Just like BigTable, HBase is designed to handle massive amounts of data and is optimized for read-intensive applications. The database is implemented on top of the Hadoop Distributed File System (HDFS) and takes advantage of its linear scalability and fault tolerance. But the integration with Hadoop does not stop at using HDFS as the storage layer: HBase shares the same developer community as Hadoop and offers native integration with Hadoop MapReduce. HBase can serve as both the source or the destination of MapReduce jobs. The benefit here is clear: there is no need for any data movement between batch MapReduce ETL jobs and the host operational and analytics database.
HBase schema design
HBase offers advanced features to map business problems to the data model, which makes it way more sophisticated than a plain key-value store such as Redis. Data in HBase is placed in tables, and the tables themselves are composed of rows, each of which has a rowkey.
The rowkey is the main entry point to the data: it can be seen as the equivalent of the primary key for a traditional RDBMS database. An interesting capability of HBase is that its rowkeys are byte arrays, so pretty much anything can serve as the rowkey. As an example, compound rowkeys can be created to mix different criteria into one single key, and optimize data access speed.

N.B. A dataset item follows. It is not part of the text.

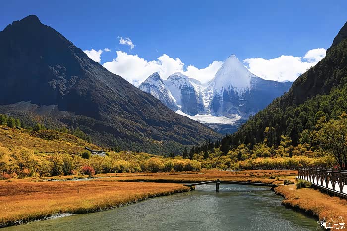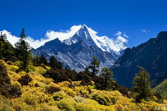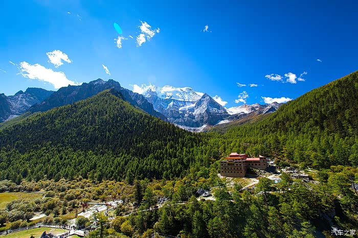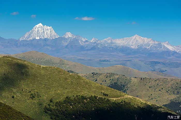 到达新都桥后去贡嘎观景台,这地方是早上漂亮,中午光线平。旅游赶路,就不要求那么多了,能看到贡嘎就很满意了。
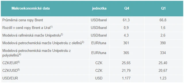 Petrochemický holding Unipetrol zveřejnil modelové marže za první čtvrtletí. V rafinérském segmentu marže klesla z 4,3 USD na barel v posledním loňském kvartálu na 2,6 USD. Rozdíl mezi cenami ropy Brent a Ural stoupl z 0,9 USD na 1,6 USD na barel. Olefinová marže dosáhla 390 eur na tunu (4Q2017: 361 eur) a polyolefinová marže byla 334 eur na tunu (4Q2017: 365 eur).

In pure key-value mode, a query on the rowkey will give back all the content of the row (or to take a columnar view, all of its columns). But the query can also be much more precise, and specifically address:
- A family of columns
- A specific column, and as a result a cell which is the intersection of a row and a column
- Or even a specific version of a cell, based on a timestamp
Combined, these different features greatly improve the base key-value model. With one constraint, the rowkey cannot be changed, and should thus be carefully selected at design stage to optimize row-key access or scan on a range of rowkeys. But beyond that, HBase offers a lot of flexibility: new columns can be added on the fly, all the rows do not need to contain the same columns (which makes it easy to add new attributes to an existing entity) and nested entities provide a way to define relationships within what otherwise remains a very flat model.
Manipulation of HBase data is based on three primary methods: Get, Put, and Scan. For all of them, access to data is done by row and more specifically according to the rowkey. Hence the importance of selecting an appropriate rowkey to ensure efficient access to data. Usually, the focus will be on ensuring smooth retrieval of data: HBase is designed for applications requiring fast read performance, and the rowkey typically closely aligns with the application’s access patterns.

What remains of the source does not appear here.